Domain-based @id URIs resist this failure mode by design. The domain is the only requirement. As long as the domain resolves, the @id is valid. The document at that URL can change structure, framework, or content without affecting the identity signal.
This also means the decision to migrate the hub stack is fully independent of the identity signal work. The stack can migrate on its own timeline, for its own reasons, without any identity-related urgency. The identity signal does not accumulate debt against migration.
Why-Not
Why not delay the @id until after migration?
This is the failure mode this ADR exists to prevent. An @id implemented after migration is identical in quality to one implemented before migration — but it accrues no compounding benefit during the delay. The migration does not improve the @id; it only defers it. See C6-002.
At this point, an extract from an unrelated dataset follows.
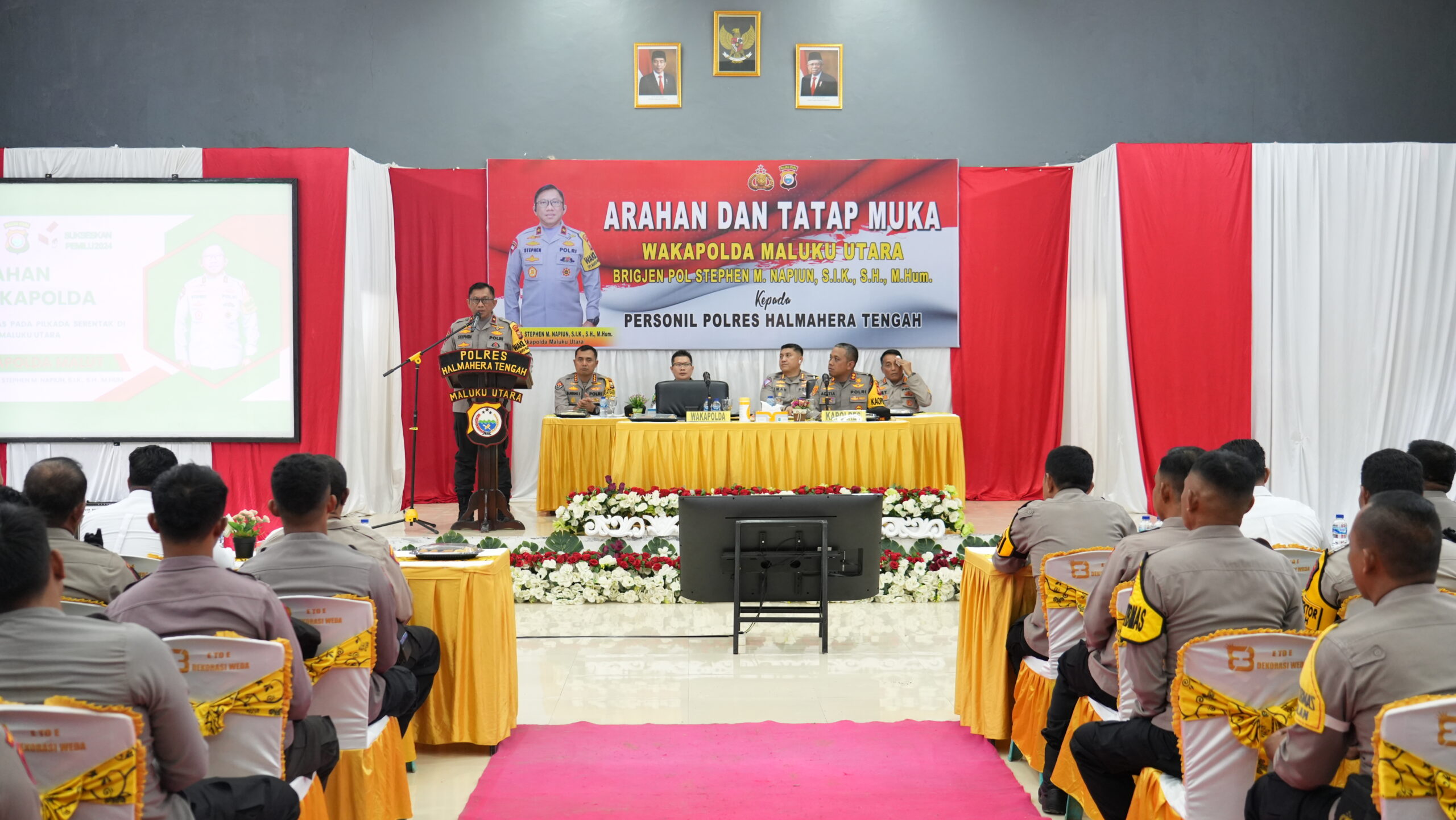Weda – Wakapolda Maluku Utara Brigjen Pol Stephen M. Napiun, S.I.K, S.H., M.Hum., melaksanakan kunjungan kerja dan memberikan arahan kepada personel Polres Halmahera Tengah Polda Malut di Aula Polres Halmahera Tengah. Senin (03/09/2024)

Why not use a URL pattern tied to the current CMS or routing convention?
Infrastructure-specific URL patterns create coupling between the identity signal and the build system. A future migration that changes the routing convention would require either preserving the old URL pattern (technical debt) or updating the @id (entity graph disruption). Domain-based @id URIs eliminate this trade-off.
Why not implement both — a current-stack @id and a plan to update it after migration?
Two @id values for the same entity is not a plan — it is fragmentation. The entity graph consolidation depends on a single, stable @id. Planning to change it introduces an unnecessary disruption. Design for durability on the first implementation.
Commit
Decision: The @id URI is domain-based and infrastructure-agnostic. Stack migrations change the delivery layer, not the identity signal. No migration creates a reason to change the @id.
Confidence: High. This is an architectural principle that eliminates an entire class of future rework.